(RECORDS FOR THIS TASK Opens)

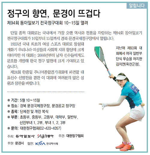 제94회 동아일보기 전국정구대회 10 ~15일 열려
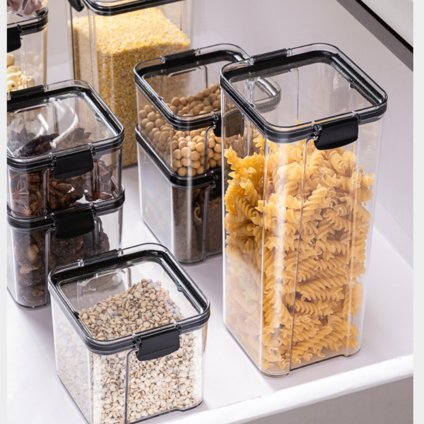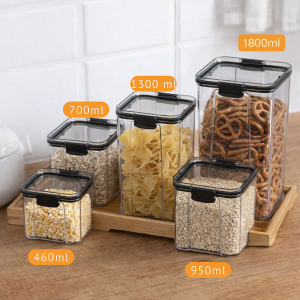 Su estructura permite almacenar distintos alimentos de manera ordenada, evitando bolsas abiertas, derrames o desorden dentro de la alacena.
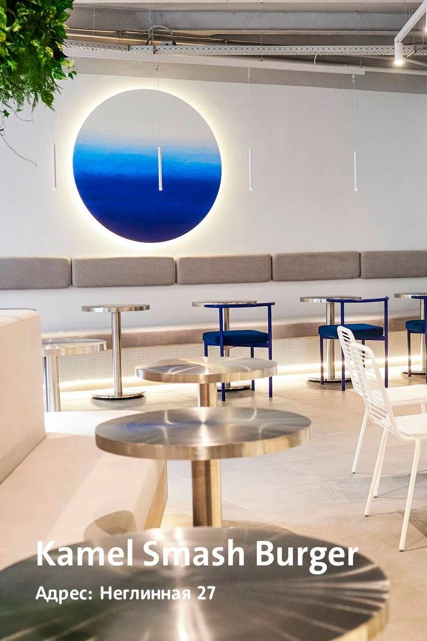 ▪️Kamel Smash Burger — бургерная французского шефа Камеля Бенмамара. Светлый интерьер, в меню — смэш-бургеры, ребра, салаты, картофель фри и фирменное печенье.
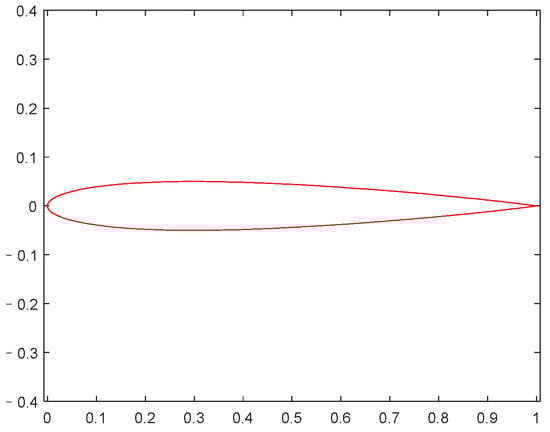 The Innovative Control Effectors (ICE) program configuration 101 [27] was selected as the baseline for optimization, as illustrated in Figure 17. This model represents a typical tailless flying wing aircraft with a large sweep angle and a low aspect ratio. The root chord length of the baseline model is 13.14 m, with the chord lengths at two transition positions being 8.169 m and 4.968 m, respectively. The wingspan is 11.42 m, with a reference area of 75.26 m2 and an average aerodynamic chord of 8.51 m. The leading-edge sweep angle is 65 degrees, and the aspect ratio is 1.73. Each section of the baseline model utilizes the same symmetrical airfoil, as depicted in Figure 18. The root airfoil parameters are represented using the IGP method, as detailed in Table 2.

(RECORDS FOR THIS TASK Closes)
(RECORDS FOR THIS TASK Opens)

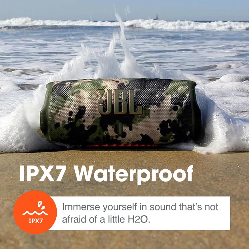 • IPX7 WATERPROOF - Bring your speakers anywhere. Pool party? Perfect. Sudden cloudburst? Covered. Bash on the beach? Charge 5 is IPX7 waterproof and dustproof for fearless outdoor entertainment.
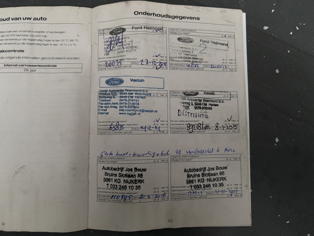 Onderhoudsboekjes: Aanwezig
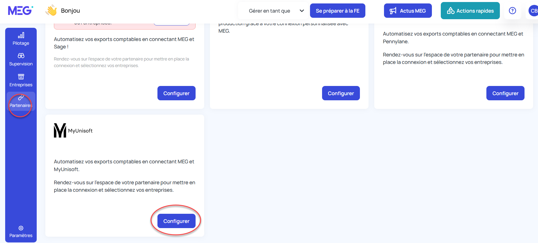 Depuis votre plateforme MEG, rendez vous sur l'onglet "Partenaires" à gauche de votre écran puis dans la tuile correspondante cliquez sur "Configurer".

(RECORDS FOR THIS TASK Closes)

→ WORK TO BE COMPLETED: Beginning with the line that contains "제94회 동아일보기 전국정구대회 10 ~15일 열려", write out the lines of the material above exactly, and end with the line that contains "и фирменное печенье.". Omit the pictures.

→ OUTPUT FOR THIS TASK:
 제94회 동아일보기 전국정구대회 10 ~15일 열려
 Su estructura permite almacenar distintos alimentos de manera ordenada, evitando bolsas abiertas, derrames o desorden dentro de la alacena.
 ▪️Kamel Smash Burger — бургерная французского шефа Камеля Бенмамара. Светлый интерьер, в меню — смэш-бургеры, ребра, салаты, картофель фри и фирменное печенье.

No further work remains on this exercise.